The question was how. One way would be to raise taxes. But this had been tried and had failed utterly. “Prior to World War II, taxes were such that on the average we only had to work just a little over 1 month each year to pay our total federal, state, and local tax bill. Today we have to work 4 months to pay that bill.” Taxes had grown, but government had grown faster.

The solution was not to raise taxes but to cut them. This sounded paradoxical, for it appeared to aggravate the deficit problem. Yet it was the only way to get a grip on spending, the source of the problem. “Over the past decades we’ve talked of curtailing government spending so that we can then lower the tax burden. Sometimes we’ve even taken a run at doing
that. But there were always those who told us that taxes couldn’t be cut until spending was reduced. Well, you know, we can lecture our children about extravagance until we run out of voice and breath. Or we can cure their extravagance by simply reducing their allowance.”

Likely no one in Reagan’s audience recognized the significance of that last sentence. Reagan himself did not recognize it. But by putting tax cuts ahead of spending cuts, he proposed to lead America across an economic Rubicon. Republicans and conservatives had hitherto made
balanced budgets the touchstone of their fiscal philosophy. They sought to cut taxes, but not at the cost of increasing debt. They knew that cutting taxes is politically easy, because it makes constituents happy. Cutting spending is the hard part, for it causes constituents pain. Reagan proposed doing the easy part first. The hard part could wait.

Not that he ignored spending cuts. He explained that he had placed a freeze on federal hiring, ordered reductions in government travel, trimmed the number of consultants hired by the federal government, and canceled orders for new office equipment. This was just the beginning. More must be done. His administration would have a blueprint soon. “It will propose budget cuts in virtually every department of government.”

Yet against this unspecific promise of spending reductions, Reagan proposed very specific, and substantial, tax cuts. “I shall ask for a 10 percent reduction across the board in personal income tax rates for each of the next three years.”

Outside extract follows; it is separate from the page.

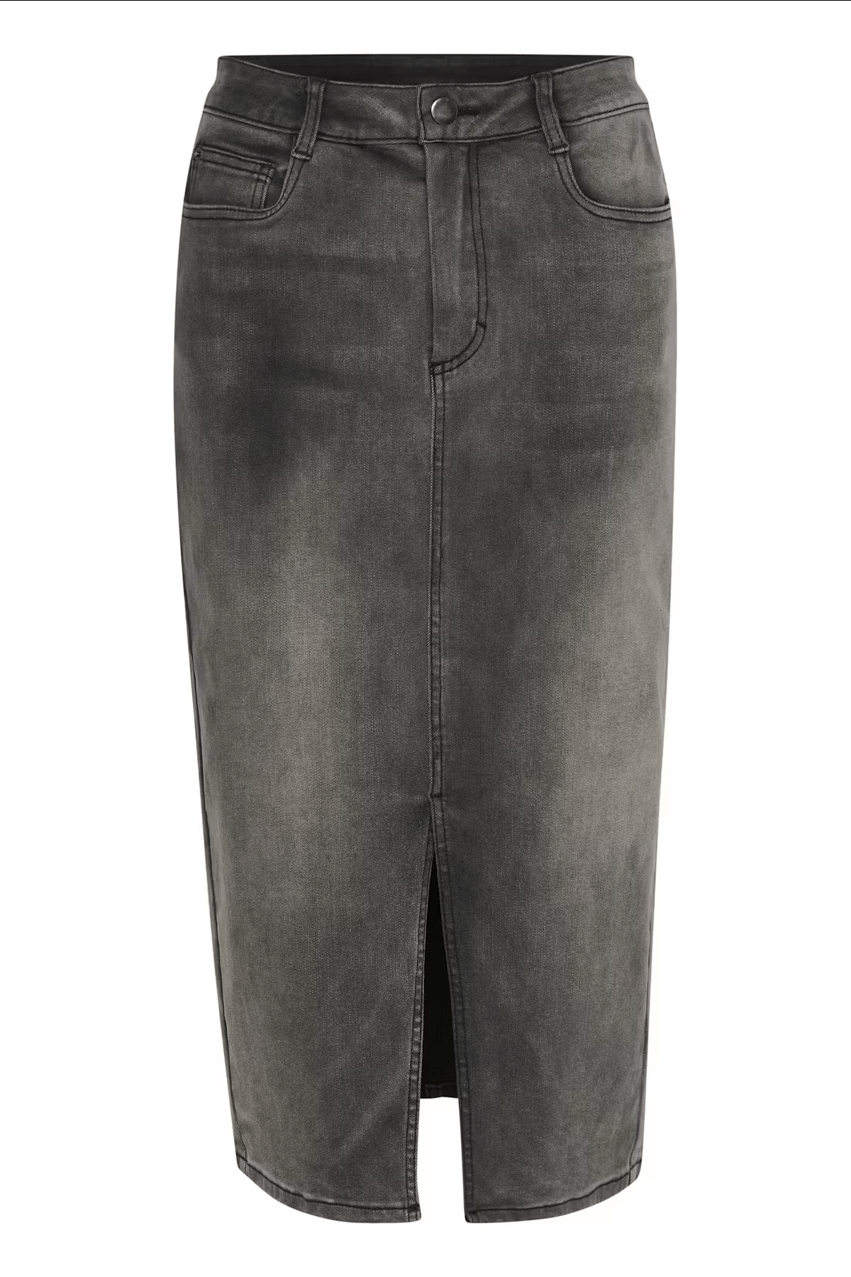 Jupe midi longue en denim gris avec fente avant, élégante et féminine, à porter avec divers styles.

Reagan pitched his package as the country’s last chance to reclaim prosperity and restore freedom from overweening government. “Over the years we’ve let negative economic forces run out of control. We stalled the judgment day, but we no longer have that luxury. We’re out of time.” Future generations would thank this one or condemn it. “We can leave our children with an unrepayable massive debt and a shattered economy, or we can leave them liberty in a land where every individual has the opportunity to be whatever God intended us to be.”